ALWAYS do what you are afraid to do
Hobie Call :-)
However, I didn't just get hurt, I completed the race with a sprained ankle, injured at the fire jump and again when I attempted to jump over a trough. In my mind, getting hurt means that life stops because I never learned how to deal with it. I've been working with a personal trainer for three months and for the first two I hated feeling "the burn" and would retreat into my mind amid mental screams of "I can't do this!" and fight my exercises every step of the way. I finally decided that I needed to accept how my body felt because, well let's face it, it's always going to be this way. I learned to keep my eyes open and my mind clear and discovered that, when an exercise becomes difficult, I'll focus on a spot on the wall or ceiling, concentrate on breathing steadily, and move fluidly through the exercise. Having done this for a few weeks I've successfully conditioned my mind to take over when my body wants to crumble. I brought this into the race and made the most use of it the second time I hurt my ankle. I gave my body a rest by sitting on the ground for a few minutes and flexed that mental muscle, willing it to take over where my body had left off. It worked and I achieved my goal of crossing the finish line.

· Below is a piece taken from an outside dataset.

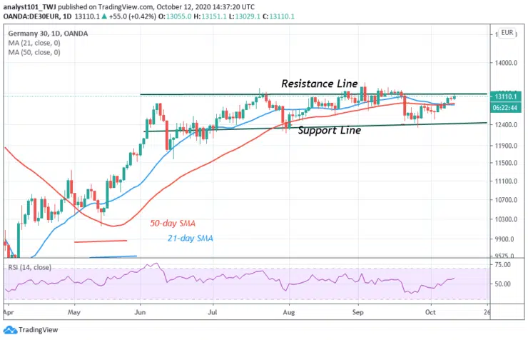 The index is range-bound between levels 12400 and 13400. Buyers face rejection at level 13450. The index has been fluctuating for over three months. The index has risen and it is approaching the resistance line to break above it.

I knew going into this that I wasn't the strongest, but I pushed anyway. I knew that I wasn't the fastest, but I didn't have to be. I knew that the biggest battle wasn't the barely-above-freezing temperatures, the mud or the military-inspired obstacles. The biggest battle was accepting myself, my abilities and focusing on my strengths instead of my weaknesses. Right now I'm actually more excited about overcoming these personal obstacles than I am about earning the medal. For me, for this race, this awesome medal represents the achievement of finally truly believing in myself.